• **DATA PROVIDED**:
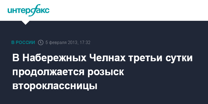 Казань. 5 февраля. INTERFAX.RU - Третьи сутки продолжается поиск 8-летней жительницы поселка Сидоровка (в черте Набережных Челнов, Татарстан) Василисы Галицыной, которая не вернулась домой из школы 2 февраля.
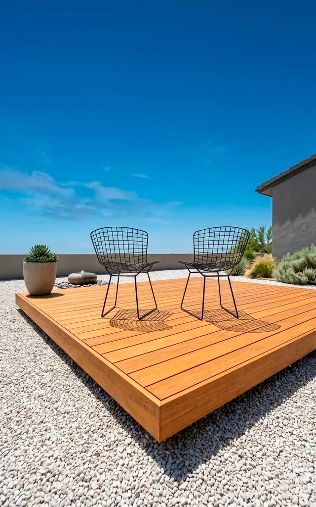 Nothing says luxury like a deck that appears to hover above the ground. I built one of these last summer and it still feels like magic every time I step on it. Stick to light-colored woods like Ipe or cedar for that warm, modern touch. Keep the edges sharp and skip the bulky railings to maintain a clean horizontal plane. It creates a perfect stage for your morning coffee. Ever thought about how much better a yard looks without chunky stairs blocking the view?
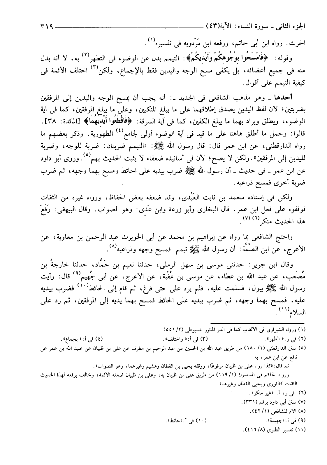 أَحَدُهَا -وَهُوَ مَذْهَبُ الشَّافِعِيِّ فِي الْجَدِيدِ-: أَنَّهُ يَجِبُ أَنْ يَمْسَحَ الْوَجْهَ وَالْيَدَيْنِ إِلَى الْمَرْفِقَيْنِ بِضَرْبَتَيْنِ؛ لِأَنَّ لَفْظَ الْيَدَيْنِ يَصْدُقُ إِطْلَاقُهُمَا عَلَى مَا يَبْلُغُ الْمَنْكِبَيْنِ، وَعَلَى مَا يَبْلُغُ الْمِرْفَقَيْنِ، كَمَا فِي آيَةِ الْوُضُوءِ، وَيُطْلَقُ وَيُرَادُ بِهِمَا مَا يَبْلُغُ الْكَفَّيْنِ، كَمَا فِي آيَةِ السَّرِقَةِ: {فَاقْطَعُوا أَيْدِيَهُمَا} [الْمَائِدَةِ: 38] قَالُوا: وَحَمْلُ مَا أُطْلِقَ هَاهُنَا عَلَى مَا قُيِّدَ فِي آيَةِ الْوُضُوءِ أَوْلَى لِجَامِعِ (4) الطَّهُورِيَّةِ. وَذَكَرَ بَعْضُهُمْ مَا رَوَاهُ الدَّارَقُطْنِيُّ، عَنِ ابْنِ عُمَرَ قَالَ: قَالَ رَسُولُ اللَّهِ صَلَّى اللَّهُ عَلَيْهِ وَسَلَّمَ: "التَّيَمُّمُ ضَرْبَتَانِ: ضَرْبَةٌ لِلْوَجْهِ، وَضَرْبَةٌ لِلْيَدَيْنِ إِلَى الْمِرْفَقَيْنِ". وَلَكِنْ لَا يَصِحُّ؛ لِأَنَّ فِي أَسَانِيدِهِ ضُعَفَاءُ لَا يَثْبُتُ الْحَدِيثُ بِهِمْ (5) وَرَوَى أَبُو دَاوُدَ عَنِ ابْنِ عُمَرَ -فِي حَدِيثٍ-أَنَّ رَسُولَ اللَّهِ صَلَّى اللَّهُ عَلَيْهِ وَسَلَّمَ ضَرْبَ بِيَدَيْهِ عَلَى الْحَائِطِ وَمَسْحَ بِهِمَا وَجْهَهُ، ثُمَّ ضَرَبَ ضَرْبَةً أُخْرَى فَمَسَحَ بِهَا ذِرَاعَيْهِ.

• **TASK REQUIREMENTS**:
Return all of the material above unchanged, minus its pictures.

• **OUTPUT**:
 Казань. 5 февраля. INTERFAX.RU - Третьи сутки продолжается поиск 8-летней жительницы поселка Сидоровка (в черте Набережных Челнов, Татарстан) Василисы Галицыной, которая не вернулась домой из школы 2 февраля.
 Nothing says luxury like a deck that appears to hover above the ground. I built one of these last summer and it still feels like magic every time I step on it. Stick to light-colored woods like Ipe or cedar for that warm, modern touch. Keep the edges sharp and skip the bulky railings to maintain a clean horizontal plane. It creates a perfect stage for your morning coffee. Ever thought about how much better a yard looks without chunky stairs blocking the view?
 أَحَدُهَا -وَهُوَ مَذْهَبُ الشَّافِعِيِّ فِي الْجَدِيدِ-: أَنَّهُ يَجِبُ أَنْ يَمْسَحَ الْوَجْهَ وَالْيَدَيْنِ إِلَى الْمَرْفِقَيْنِ بِضَرْبَتَيْنِ؛ لِأَنَّ لَفْظَ الْيَدَيْنِ يَصْدُقُ إِطْلَاقُهُمَا عَلَى مَا يَبْلُغُ الْمَنْكِبَيْنِ، وَعَلَى مَا يَبْلُغُ الْمِرْفَقَيْنِ، كَمَا فِي آيَةِ الْوُضُوءِ، وَيُطْلَقُ وَيُرَادُ بِهِمَا مَا يَبْلُغُ الْكَفَّيْنِ، كَمَا فِي آيَةِ السَّرِقَةِ: {فَاقْطَعُوا أَيْدِيَهُمَا} [الْمَائِدَةِ: 38] قَالُوا: وَحَمْلُ مَا أُطْلِقَ هَاهُنَا عَلَى مَا قُيِّدَ فِي آيَةِ الْوُضُوءِ أَوْلَى لِجَامِعِ (4) الطَّهُورِيَّةِ. وَذَكَرَ بَعْضُهُمْ مَا رَوَاهُ الدَّارَقُطْنِيُّ، عَنِ ابْنِ عُمَرَ قَالَ: قَالَ رَسُولُ اللَّهِ صَلَّى اللَّهُ عَلَيْهِ وَسَلَّمَ: "التَّيَمُّمُ ضَرْبَتَانِ: ضَرْبَةٌ لِلْوَجْهِ، وَضَرْبَةٌ لِلْيَدَيْنِ إِلَى الْمِرْفَقَيْنِ". وَلَكِنْ لَا يَصِحُّ؛ لِأَنَّ فِي أَسَانِيدِهِ ضُعَفَاءُ لَا يَثْبُتُ الْحَدِيثُ بِهِمْ (5) وَرَوَى أَبُو دَاوُدَ عَنِ ابْنِ عُمَرَ -فِي حَدِيثٍ-أَنَّ رَسُولَ اللَّهِ صَلَّى اللَّهُ عَلَيْهِ وَسَلَّمَ ضَرْبَ بِيَدَيْهِ عَلَى الْحَائِطِ وَمَسْحَ بِهِمَا وَجْهَهُ، ثُمَّ ضَرَبَ ضَرْبَةً أُخْرَى فَمَسَحَ بِهَا ذِرَاعَيْهِ.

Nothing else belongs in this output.